» Input data
════════════════════

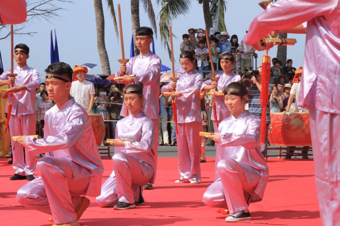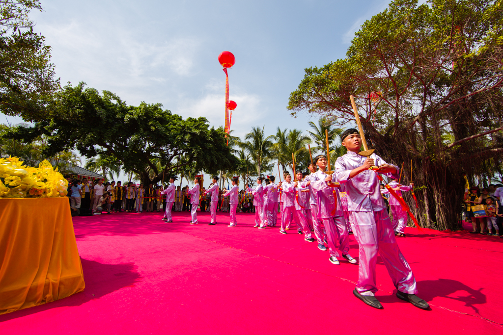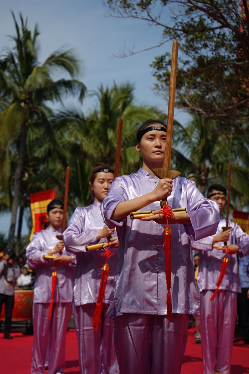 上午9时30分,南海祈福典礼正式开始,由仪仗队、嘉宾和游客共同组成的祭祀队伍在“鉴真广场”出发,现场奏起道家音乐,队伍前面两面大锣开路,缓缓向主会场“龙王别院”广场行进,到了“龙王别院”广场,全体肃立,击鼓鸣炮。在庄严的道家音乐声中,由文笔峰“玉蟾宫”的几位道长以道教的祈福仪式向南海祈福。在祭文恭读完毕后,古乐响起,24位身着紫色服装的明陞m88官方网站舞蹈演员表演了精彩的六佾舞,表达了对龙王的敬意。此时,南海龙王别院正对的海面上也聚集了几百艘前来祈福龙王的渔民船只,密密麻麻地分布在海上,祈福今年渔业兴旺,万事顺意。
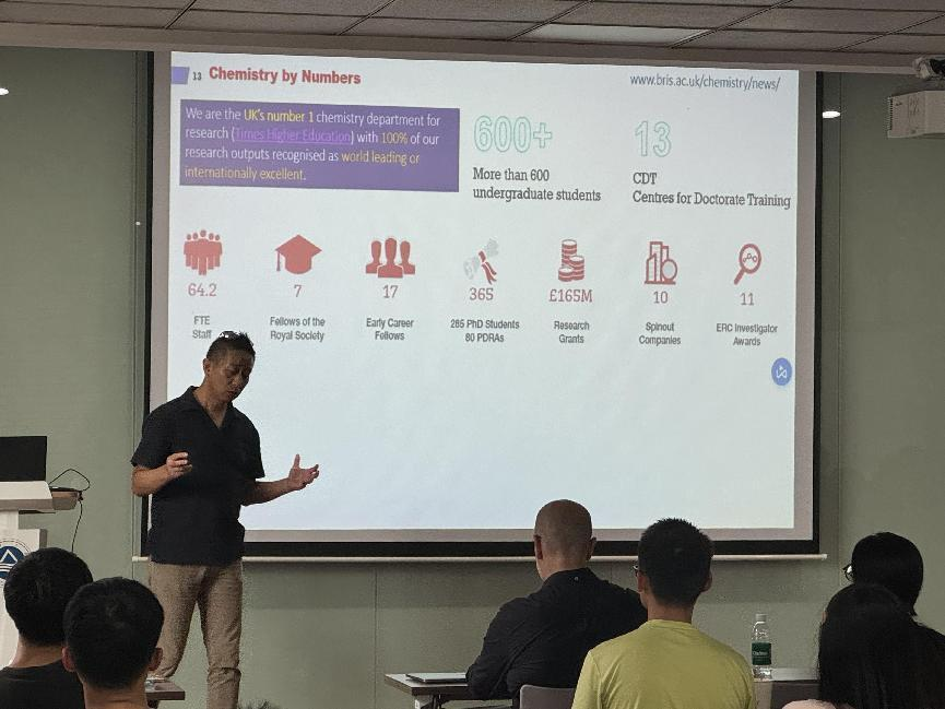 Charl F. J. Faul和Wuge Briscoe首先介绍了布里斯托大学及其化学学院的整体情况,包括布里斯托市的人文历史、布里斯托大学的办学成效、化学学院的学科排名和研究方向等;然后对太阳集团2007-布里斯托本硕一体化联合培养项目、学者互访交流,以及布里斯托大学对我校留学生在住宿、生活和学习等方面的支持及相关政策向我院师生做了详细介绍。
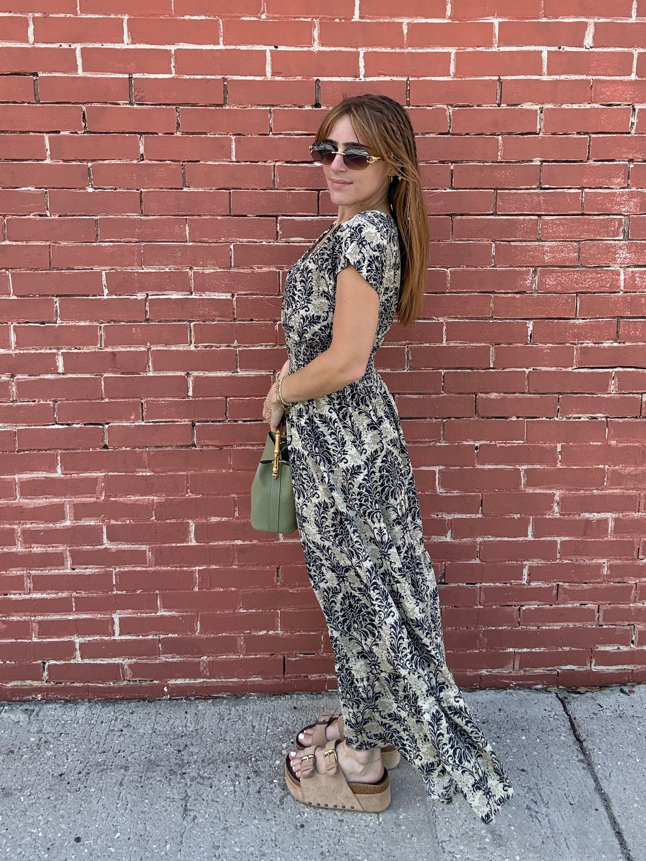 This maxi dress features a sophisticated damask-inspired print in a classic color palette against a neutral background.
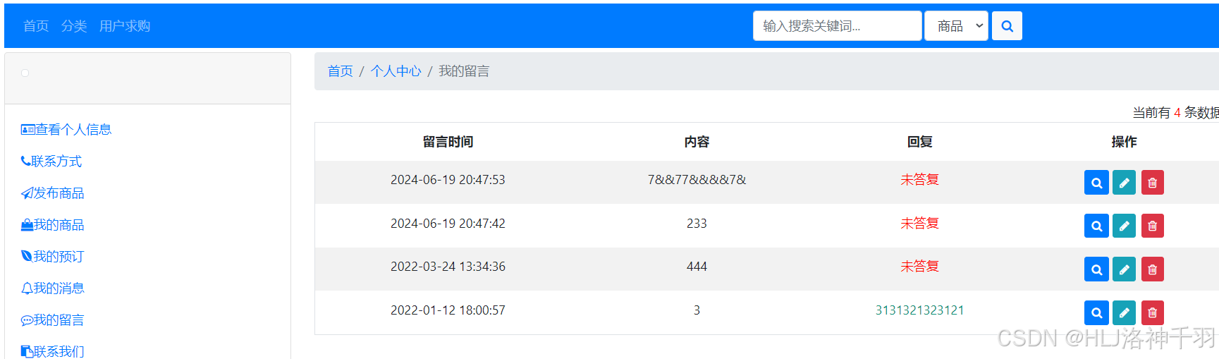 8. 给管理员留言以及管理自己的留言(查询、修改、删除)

════════════════════

» Task goal
Give the listing again word for word. Skip every image.

» Answer space
 上午9时30分,南海祈福典礼正式开始,由仪仗队、嘉宾和游客共同组成的祭祀队伍在“鉴真广场”出发,现场奏起道家音乐,队伍前面两面大锣开路,缓缓向主会场“龙王别院”广场行进,到了“龙王别院”广场,全体肃立,击鼓鸣炮。在庄严的道家音乐声中,由文笔峰“玉蟾宫”的几位道长以道教的祈福仪式向南海祈福。在祭文恭读完毕后,古乐响起,24位身着紫色服装的明陞m88官方网站舞蹈演员表演了精彩的六佾舞,表达了对龙王的敬意。此时,南海龙王别院正对的海面上也聚集了几百艘前来祈福龙王的渔民船只,密密麻麻地分布在海上,祈福今年渔业兴旺,万事顺意。
 Charl F. J. Faul和Wuge Briscoe首先介绍了布里斯托大学及其化学学院的整体情况,包括布里斯托市的人文历史、布里斯托大学的办学成效、化学学院的学科排名和研究方向等;然后对太阳集团2007-布里斯托本硕一体化联合培养项目、学者互访交流,以及布里斯托大学对我校留学生在住宿、生活和学习等方面的支持及相关政策向我院师生做了详细介绍。
 This maxi dress features a sophisticated damask-inspired print in a classic color palette against a neutral background.
 8. 给管理员留言以及管理自己的留言(查询、修改、删除)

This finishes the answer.